2019-11-17T17:19:05Z D! [outputs.influxdb] Buffer fullness: 6 / 10000 metrics
2019-11-17T17:19:05Z E! [agent] Error writing to outputs.influxdb: could not write any address
2019-11-17T17:19:10Z D! [outputs.file] Buffer fullness: 0 / 10000 metrics
2019-11-17T17:19:15Z E! [outputs.influxdb] when writing to [http://influxdb:8086]: Post http://influxdb:8086/write?db=opench: net/http: request canceled (Client.Timeout exceeded while awaiting headers)
...

Telegraf and InfluxDB started by this docker-compose:

version: '3'

services:

  influxdb:
    image: influxdb:latest
    container_name: opench-influxdb
    restart: always
    volumes:
      - ./influxdb/influxdb.conf:/etc/influxdb/influxdb.conf:ro
      - opench-influxdb-volume:/var/lib/influxdb
    networks:
      - opench

  telegraf:
    image: telegraf:latest
    container_name: opench-telegraf
    restart: always
    links:
      - influxdb
    volumes:
      - ./telegraf/telegraf.conf:/etc/telegraf/telegraf.conf:ro
    networks:
      - opench

networks:
  opench:
    driver: bridge

volumes:
  opench-influxdb-volume:
    external: true

Metrics are written in InfluxDB - I can successfully query them, I can ping in both directions in both telegraf and influxdb. But telegraf timeouts when posting the metrics.

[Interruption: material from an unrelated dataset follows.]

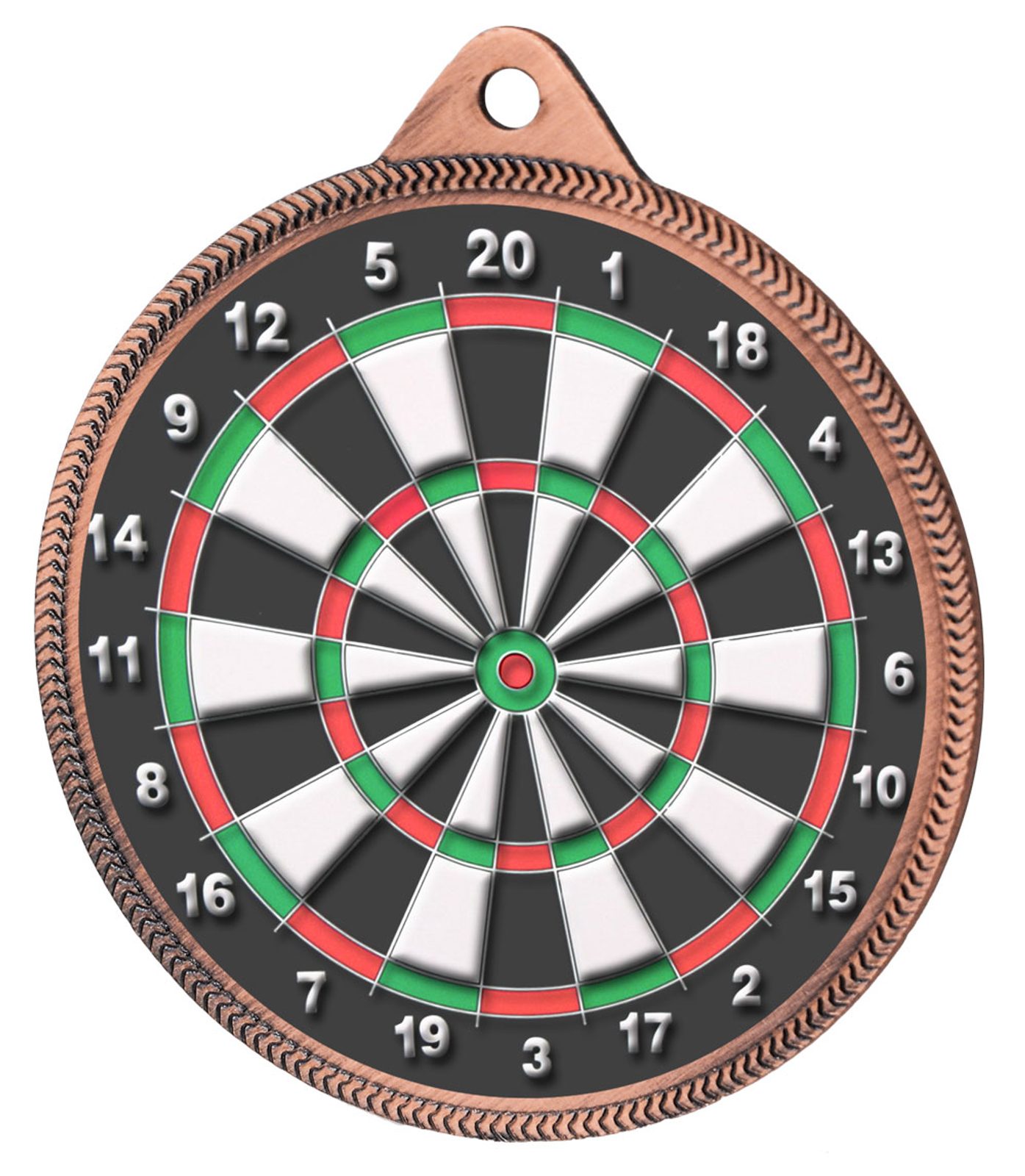 A truly superb new Darts 2 1/8" darts medal made from iron. The medal has been printed using the latest 3D texture coating making the medal come alive with a vibrant raised full color print. Give your next presentation a lift with these contemporary medals which are sure to make eyes light up when received!

pi@raspberrypi:~/apps/opench/docker $ docker exec -it opench-telegraf /bin/bash
root@317aa174c835:/# telegraf --version
Telegraf 1.12.4 (git: HEAD 9a4f08e9)

root@317aa174c835:/# curl -sl -I http://influxdb:8086/ping
HTTP/1.1 204 No Content
Content-Type: application/json
Request-Id: dd4e9e42-096e-11ea-8346-0242ac140002
X-Influxdb-Build: OSS
X-Influxdb-Version: 1.7.8
X-Request-Id: dd4e9e42-096e-11ea-8346-0242ac140002
Date: Sun, 17 Nov 2019 19:17:15 GMT

root@317aa174c835:/# ping influxdb
PING influxdb (172.20.0.2) 56(84) bytes of data.
64 bytes from opench-influxdb.docker_opench (172.20.0.2): icmp_seq=1 ttl=64 time=0.312 ms
64 bytes from opench-influxdb.docker_opench (172.20.0.2): icmp_seq=2 ttl=64 time=0.223 ms
64 bytes from opench-influxdb.docker_opench (172.20.0.2): icmp_seq=3 ttl=64 time=0.228 ms
64 bytes from opench-influxdb.docker_opench (172.20.0.2): icmp_seq=4 ttl=64 time=0.227 ms

Strange, what could it be?

Hello @Yuriy_Olkhovyy,
Thanks for your question. So far I’ve only found this issue related to yours. Are you using 1.7.5?
Alternatively, what is your telegraf config look like? Can you share it for debugging?
You might want to set timeout = "60s" or some time longer than the default or what you have.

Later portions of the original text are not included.